When the coaster starts to descend, its potential energy gets converted into kinetic energy. Mathematically,
\(\frac{1}{2}mv_f^2 - \frac{1}{2}mv_i^2 = mgh\)
Here,\(m\)is the mass of the coaster,\(g\)is the acceleration due to gravity\(\left( {g = 9.8{\rm{ m}}/{{\rm{s}}^2}} \right)\),\({v_f}\)is the final velocity of the coaster,\({v_i}\)is the initial velocity of the coaster\(\left( {{v_i} = 5{\rm{ m}}/{\rm{s}}} \right)\), and h is the height\(\left( {h = 20.0{\rm{ m}}} \right)\).
As a result, the final velocity of the coaster is given as,
\({v_f} = \sqrt {v_i^2 + 2gh} \)
Putting all known values,
\(\begin{aligned}{c}{v_f} = \sqrt {{{\left( {5{\rm{ m}}/{\rm{s}}} \right)}^2} + 2 \times \left( {9.8{\rm{ m}}/{{\rm{s}}^2}} \right) \times \left( {20.0{\rm{ m}}} \right)} \\ = 20.42{\rm{ m}}/{\rm{s}}\end{aligned}\)
When the coaster ascends uphill, its kinetic energy gets converted into potential energy.
\(\frac{1}{2}mv_f^2 - \frac{1}{2}mv_i^2 = mgh'\)
Here, \(m\) is the mass of the coaster, \(g\) is the acceleration due to gravity \(\left( {g = - 9.8{\rm{ m}}/{{\rm{s}}^2}} \right)\), \({v_f}\) is the final velocity of the coaster \(\left( {{v_f} = 0} \right)\), \({v_i}\) is the initial velocity of the coaster \(\left( {{v_i} = 5{\rm{ m}}/{\rm{s}}} \right)\), and \(h'\) is the height above the starting point.
Therefore, the height above the starting point attained by the coaster is,
\(h' = \frac{{v_f^2 - v_i^2}}{{2g}}\)
Putting all known values,
\(\begin{aligned}{}h' = \frac{{{{\left( 0 \right)}^2} - {{\left( {5{\rm{ m}}/{\rm{s}}} \right)}^2}}}{{2 \times \left( { - 9.8{\rm{ m}}/{{\rm{s}}^2}} \right)}}\\ = 1.28{\rm{ m}}\end{aligned}\)

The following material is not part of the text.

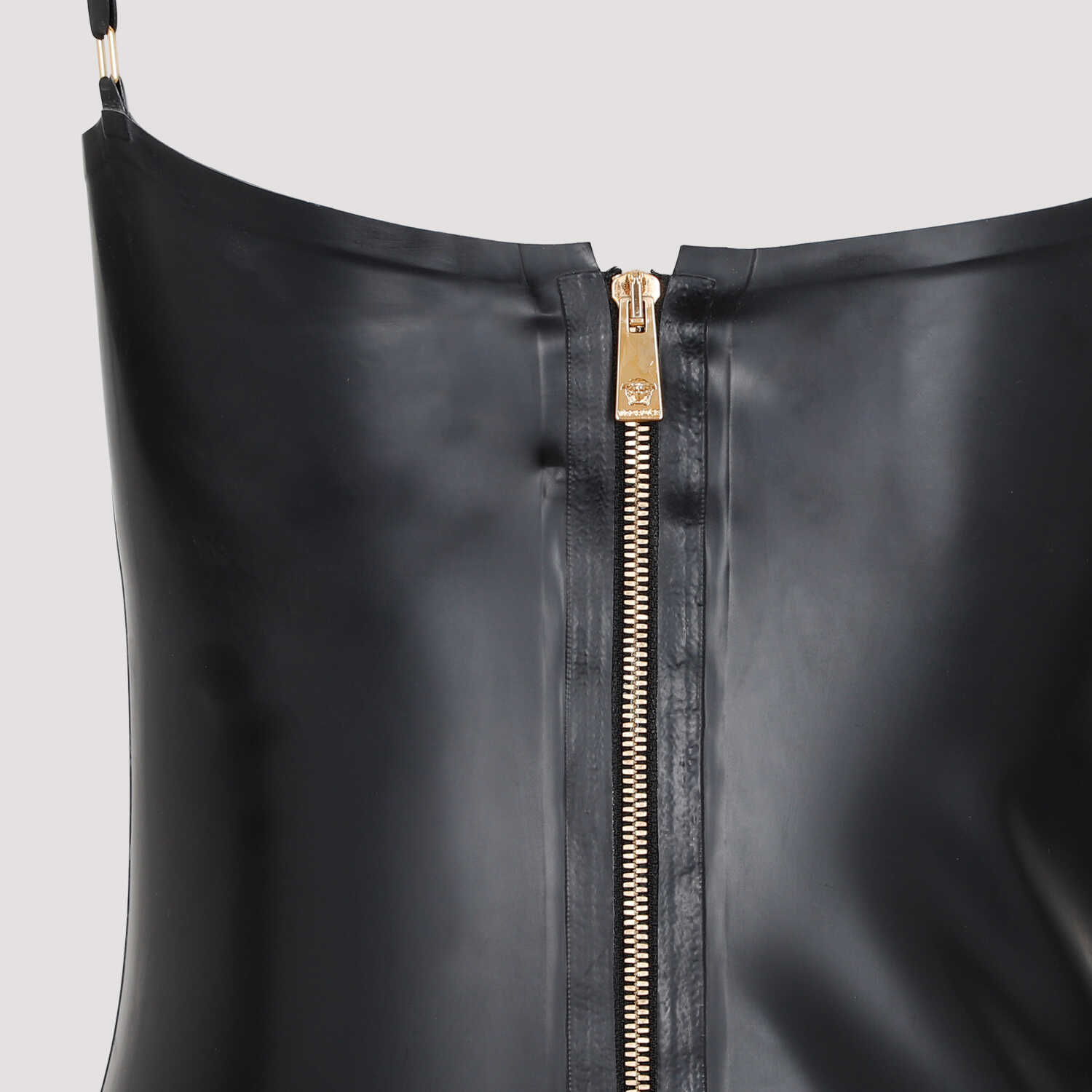Elevate your style with this stunning Versace black latex dress. Featuring a sleek design with a bra cup effect, midi length, and golden logoed hardware on the spaghetti straps. Made from 100% latex, this dress is perfect for making a bold fashion statement. Stand out in VERSACE 1005491.1A02569!

When the coaster stops and starts to roll down, its initial velocity becomes zero\(\left( {{v_i} = 0} \right)\), and it is a height of,
\(\begin{aligned}{}H = h + h'\\ = \left( {20.0{\rm{ m}}} \right) + \left( {{\rm{1}}{\rm{.28 m}}} \right)\\ = 21.28{\rm{ m}}\end{aligned}\)
While rolling down the potential energy of the coaster gets converted into kinetic energy. Mathematically,
\(\frac{1}{2}mv_f^2 - \frac{1}{2}mv_i^2 = mgH\)
As a result, the final velocity of the coaster is given as,
\({v_f} = \sqrt {v_i^2 + 2gH} \)
Putting all known values,
\(\begin{aligned}{}{v_f} = \sqrt {{{\left( 0 \right)}^2} + 2 \times \left( {9.8{\rm{ m}}/{{\rm{s}}^2}} \right) \times \left( {21.28{\rm{ m}}} \right)} \\ = 20.42{\rm{ m}}/{\rm{s}}\end{aligned}\)
Therefore, in both cases the coaster will descend down with same speed.